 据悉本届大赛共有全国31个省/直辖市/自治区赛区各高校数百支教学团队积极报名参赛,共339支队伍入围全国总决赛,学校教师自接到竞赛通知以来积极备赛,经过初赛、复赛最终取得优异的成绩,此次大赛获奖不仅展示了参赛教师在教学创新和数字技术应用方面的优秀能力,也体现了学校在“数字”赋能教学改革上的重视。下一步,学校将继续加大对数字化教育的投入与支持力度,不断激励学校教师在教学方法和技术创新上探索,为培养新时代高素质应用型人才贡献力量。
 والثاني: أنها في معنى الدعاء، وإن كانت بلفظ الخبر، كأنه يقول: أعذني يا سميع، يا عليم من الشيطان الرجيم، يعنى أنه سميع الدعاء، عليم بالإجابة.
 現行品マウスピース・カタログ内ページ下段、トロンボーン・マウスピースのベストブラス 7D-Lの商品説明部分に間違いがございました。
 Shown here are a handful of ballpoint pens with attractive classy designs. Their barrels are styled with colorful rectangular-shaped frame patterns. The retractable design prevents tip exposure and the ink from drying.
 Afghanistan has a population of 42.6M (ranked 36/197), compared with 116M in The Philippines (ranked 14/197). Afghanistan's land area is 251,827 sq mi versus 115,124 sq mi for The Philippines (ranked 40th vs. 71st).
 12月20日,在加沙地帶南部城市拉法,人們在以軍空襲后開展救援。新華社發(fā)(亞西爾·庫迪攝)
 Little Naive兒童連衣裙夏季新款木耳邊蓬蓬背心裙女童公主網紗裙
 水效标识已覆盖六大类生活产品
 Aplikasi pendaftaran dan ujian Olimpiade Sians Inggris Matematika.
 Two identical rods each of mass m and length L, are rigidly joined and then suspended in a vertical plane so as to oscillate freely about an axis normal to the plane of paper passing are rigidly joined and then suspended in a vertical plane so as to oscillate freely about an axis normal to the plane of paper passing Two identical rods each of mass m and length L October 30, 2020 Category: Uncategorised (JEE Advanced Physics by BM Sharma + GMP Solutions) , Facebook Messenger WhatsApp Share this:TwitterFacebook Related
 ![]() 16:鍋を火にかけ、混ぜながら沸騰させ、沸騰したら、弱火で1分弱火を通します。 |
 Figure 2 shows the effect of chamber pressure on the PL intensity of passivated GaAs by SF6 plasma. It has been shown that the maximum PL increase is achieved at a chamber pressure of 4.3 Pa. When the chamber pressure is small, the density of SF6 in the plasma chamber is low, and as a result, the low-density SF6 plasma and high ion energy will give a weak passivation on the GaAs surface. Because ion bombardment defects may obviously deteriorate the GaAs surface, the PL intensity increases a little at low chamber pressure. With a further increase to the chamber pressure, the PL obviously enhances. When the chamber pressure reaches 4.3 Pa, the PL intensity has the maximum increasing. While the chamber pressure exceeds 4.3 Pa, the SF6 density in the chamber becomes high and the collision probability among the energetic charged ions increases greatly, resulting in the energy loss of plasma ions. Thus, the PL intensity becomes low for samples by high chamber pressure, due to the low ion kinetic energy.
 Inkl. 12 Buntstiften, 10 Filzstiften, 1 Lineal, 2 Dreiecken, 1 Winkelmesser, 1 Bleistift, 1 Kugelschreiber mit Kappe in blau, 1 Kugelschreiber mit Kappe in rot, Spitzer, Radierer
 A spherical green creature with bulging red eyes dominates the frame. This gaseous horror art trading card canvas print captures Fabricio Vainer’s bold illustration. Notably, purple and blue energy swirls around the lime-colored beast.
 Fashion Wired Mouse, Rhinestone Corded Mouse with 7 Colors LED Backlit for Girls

:::

§ Task requirements
Within the data above, how many lines contain "frame"? Respond with the tally alone.

§ Task result
2